南井大介『小さな魔女と空飛ぶ狐』(電撃文庫)

 つくづく、飛びモノとマッドサイエンティスト/エンジニアが好きな作者やねぇ。そして、「その世界の一般的技術水準に比して高度に発達しすぎて魔法にしか見えない科学技術」も好きそうだし、もっと好きそうなのが「才能ある奴が調子こいていい気になったところでどん底にたたき落とす」ことっぽい。

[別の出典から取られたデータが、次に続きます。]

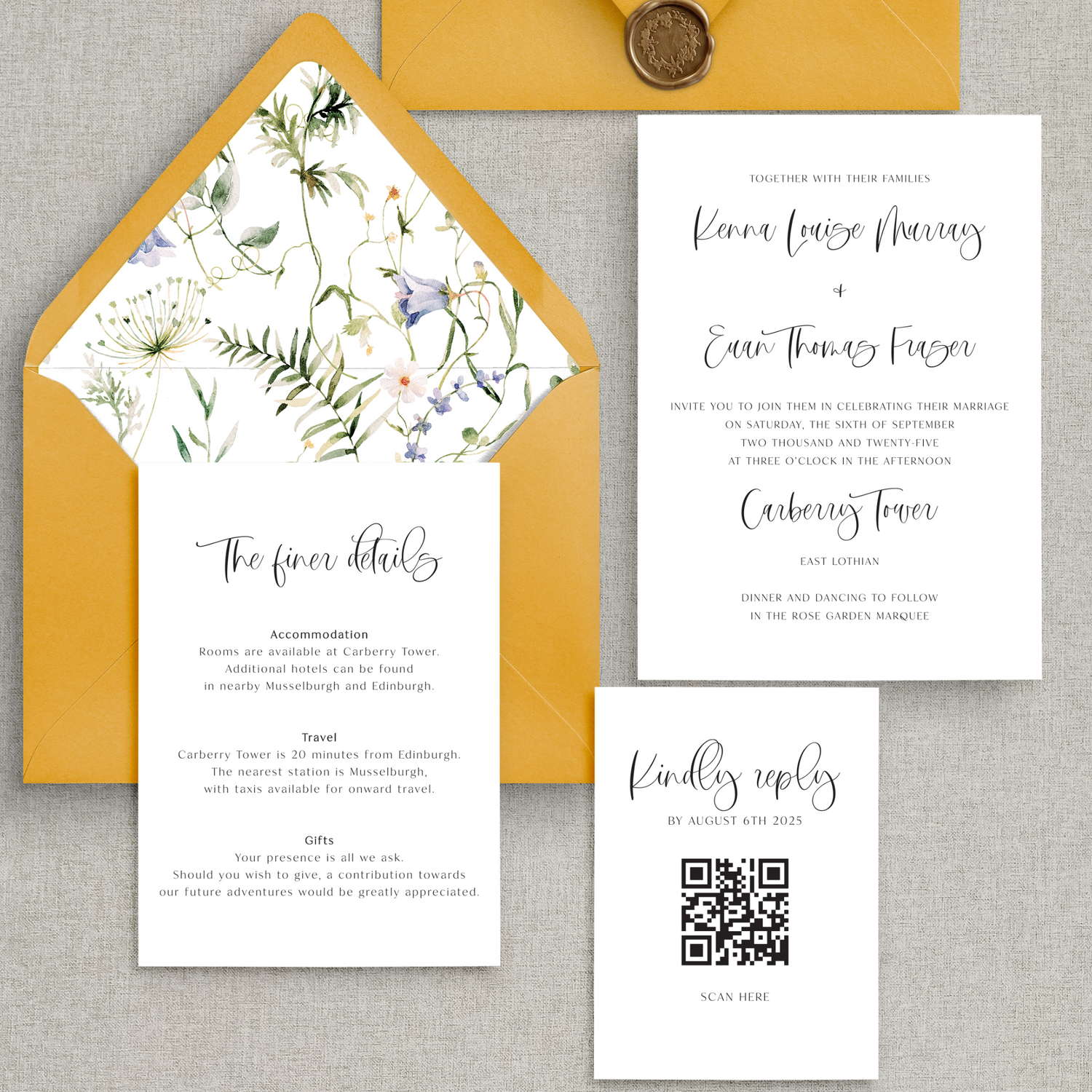 Every couple’s needs are different, which means every suite is too. Alongside your invitations, you may wish to include RSVP, menu and details cards. At your consultation, we’ll chat through which pieces are essential for your day and craft a suite that feels uniquely yours.

「貴様が人並みの倫理を持ち合わせていたとは驚きだな。だが、貴様は一つ忘れている」
薄笑いを唇の端が耳元まで届きそうな狂笑に変え、
「私は狂っているんだよ。お前達が狂わせたんだ」

なんともイヤなお話の展開で、いいぞもっとやれと言わざるを得ない。そこはさすがにレーベルがレーベルだけに、一応はラブコメチックな雰囲気をまといつつ主人公サイドの勝利と言おうと思えば言えなくもない気もしないではない結末に落ち着きはするんだけど、どう考えても世界は更に泥沼になりました、というエンディングだよな、これ。「過剰報復により敵対者を威圧して平和を保つ」が国是の国vs「大量破壊兵器の先制使用で他者の戦意を奪う」味を知った国、さて最終戦争が勃発する前に「白い魔女」は創世記機械を建造できるか!?